Wall Street Bulls Are Charging

President-elect Trump has promised to drain the swamp and inject massive fiscal stimulus into the US economy. We have already seen incredible momentum on Wall Street with the Dow Jones Industrial Average rallying to record levels. At over 19,000, many traders and investors are scratching their heads, wondering how much higher equities markets can rally. Likewise, the S&P 500 index and the NASDAQ composite index are also testing new highs. The significance of a rate hike cannot be discounted. For starters, higher interest rates from the Fed filter through to Wall Street and Main Street almost immediately. Since banks charge higher rates of interest on money that they lend out, banks will be profiting from the Fed. We can expect all the big US banks such as Bank of America, Citibank, JP Morgan, Wells Fargo & Company, Goldman Sachs, and others to see a sharp spike in their share prices in 2017. Binary options traders are not missing a trick either. Call options on banking and financial stocks are a safe bet in the present economy.

What about Commodities?

There is a strong correlation between interest rates and commodities like gold, silver, and crude oil. For starters, all dollar-denominated commodities will be affected by a stronger USD. Gold typically reacts negatively to a stronger greenback which is brought about by rising interest rates. However, studies have shown that gold demand will not necessarily decline if interest rates rise. We do know however that equities markets tend to fare poorly with higher interest rates. The reason for this is that many of these listed companies have loans with banks and higher interest rates mean that their debt obligations will increase. Unless these companies pass on these costs to consumers, their profitability will decline.

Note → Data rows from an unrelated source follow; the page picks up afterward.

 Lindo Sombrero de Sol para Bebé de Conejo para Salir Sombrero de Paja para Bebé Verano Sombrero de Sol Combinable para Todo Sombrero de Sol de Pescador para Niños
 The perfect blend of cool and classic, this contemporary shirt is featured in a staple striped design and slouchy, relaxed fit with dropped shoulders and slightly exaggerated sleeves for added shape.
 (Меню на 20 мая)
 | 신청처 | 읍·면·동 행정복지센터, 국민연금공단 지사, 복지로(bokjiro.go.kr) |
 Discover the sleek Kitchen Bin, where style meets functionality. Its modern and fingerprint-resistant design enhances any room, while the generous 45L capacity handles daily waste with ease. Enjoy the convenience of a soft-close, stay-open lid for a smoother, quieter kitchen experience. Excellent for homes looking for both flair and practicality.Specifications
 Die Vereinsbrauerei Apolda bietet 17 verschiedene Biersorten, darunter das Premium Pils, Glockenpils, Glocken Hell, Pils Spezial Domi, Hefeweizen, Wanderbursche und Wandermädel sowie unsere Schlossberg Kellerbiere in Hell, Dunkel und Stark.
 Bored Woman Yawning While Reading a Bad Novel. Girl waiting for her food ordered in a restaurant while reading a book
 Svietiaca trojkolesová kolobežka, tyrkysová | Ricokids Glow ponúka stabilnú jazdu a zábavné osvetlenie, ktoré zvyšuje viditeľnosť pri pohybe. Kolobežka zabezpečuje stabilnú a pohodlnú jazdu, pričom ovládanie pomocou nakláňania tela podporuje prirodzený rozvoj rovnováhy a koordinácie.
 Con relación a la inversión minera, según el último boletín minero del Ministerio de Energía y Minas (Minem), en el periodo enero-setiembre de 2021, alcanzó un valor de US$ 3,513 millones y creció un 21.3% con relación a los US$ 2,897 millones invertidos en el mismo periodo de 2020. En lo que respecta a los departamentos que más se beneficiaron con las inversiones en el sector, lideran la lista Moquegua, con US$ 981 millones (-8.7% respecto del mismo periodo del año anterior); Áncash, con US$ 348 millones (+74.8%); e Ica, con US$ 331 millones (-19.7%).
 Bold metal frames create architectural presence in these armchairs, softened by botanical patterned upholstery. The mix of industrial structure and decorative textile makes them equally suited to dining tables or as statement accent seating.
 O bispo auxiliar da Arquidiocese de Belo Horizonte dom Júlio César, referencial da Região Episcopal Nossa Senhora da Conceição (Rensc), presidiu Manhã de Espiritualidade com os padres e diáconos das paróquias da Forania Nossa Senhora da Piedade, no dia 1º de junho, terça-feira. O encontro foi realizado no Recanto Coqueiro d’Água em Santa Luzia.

As a result, share prices decline. We are seeing the makings of a downturn in equities markets, but the Trump phenomenon is likely to act as a buffer to prevent such movements. Crude oil is less likely to be affected by the rate hike than it is by the introduction of WTI crude oil producers back into the mix. Now that OPEC has agreed to cut production in January by 1.2 million barrels per day, US crude oil producers will likely fill the void. The short and sweet of it is this: go long on the USD with call options, and short on mining stocks which are taking a beating with a weak gold price.